Furthermore, the alibi offered by Jumarang appears credible. He averred that, early in the morning of January 31, 1939, he arrived at the barrio of Pugadlawin, four kilometers from the scene of the crime, and from 7 a. m. to 5 p. m. he was busy hauling firewood in said barrio for Juan Ferret, the barrio lieutenant. From P1 a. m. to 1 p. m. of that day he took his carabao to rest, took lunch in the house of the barrio lieutenant, and, after a while, resumed his work at about one o’clock. This alibi is corroborated by Juan Ferret, the barrio lieutenant, who has no motive of partiality in this case.

The lower court observed that "there is absolutely nothing in the conduct of Jumarang to demonstrate a guilty conscience or the existence of remorse on his part. He had been subjected to very strict questioning by the constabulary and by the officials, and he has consistently denied participation. His testimony in court, while apparently weak in connection with the close friendship between him and Sarmiento and with respect to that he had been doing between 11: 30 in the morning and 1: 30 in the afternoon, is entirely natural and coherent in all other respects and shows no signs or evidence of a guilty conscience." This observation is amply borne out by the evidence of the case. In the night of the 31st of January, Jumarang kept vigil in the house of the deceased, freely mingled with the people, and even participated in the game known as "juego de prenda." On the day following, he resumed his world, showing no sign of uneasiness on his part, until five o’clock in the afternoon, when he was called by the constabulary soldiers to accompany them to the house of Alfredo Relevo for the arrest of Sarmiento.
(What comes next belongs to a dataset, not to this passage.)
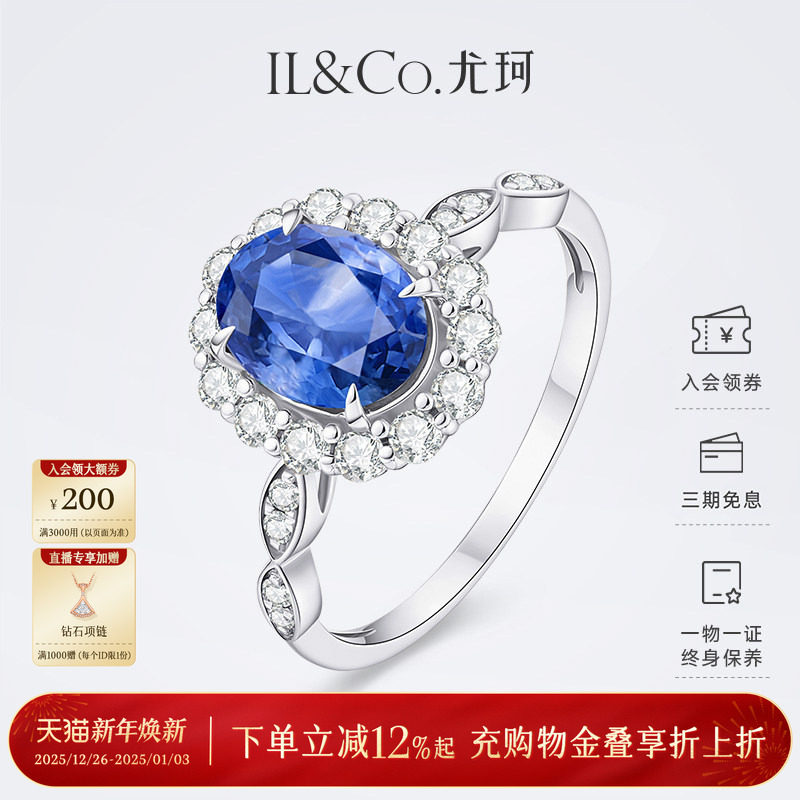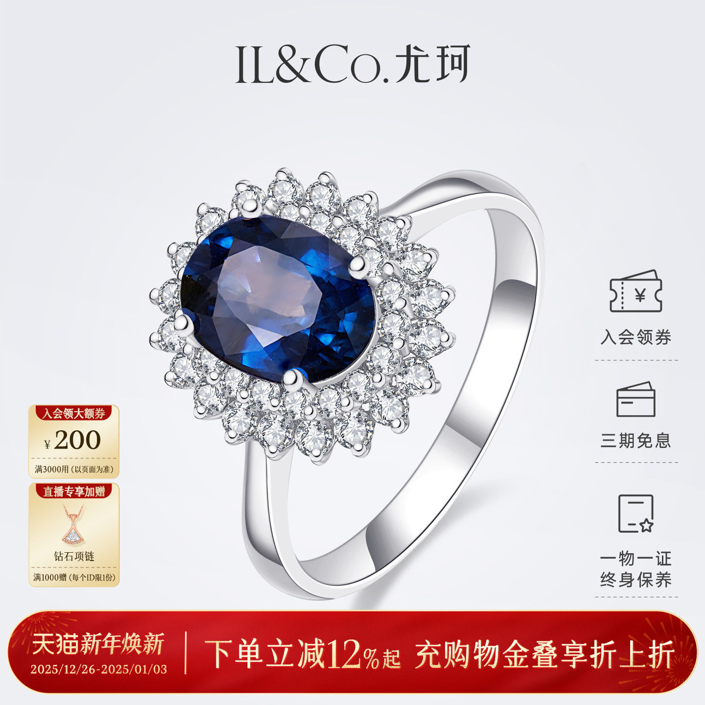 ILCO尤珂「经典戴妃款」18K金天然蓝宝石戒指钻石彩宝红宝石女戒

And when Sarmiento was arrested, he gave no indication whatsoever that Jumarang had any participation in the crime. Under these circumstances, we cannot let our mind rest at ease as to the certainty of Jumarang’s guilt.

Judgment is accordingly reversed as to Pio Jumarang, with half of the costs de oficio, and affirmed with respect to Ildefonso Sarmiento, with costs.

Avanceña, C.J., Imperial, Diaz, Laurel and Concepcion, JJ., concur.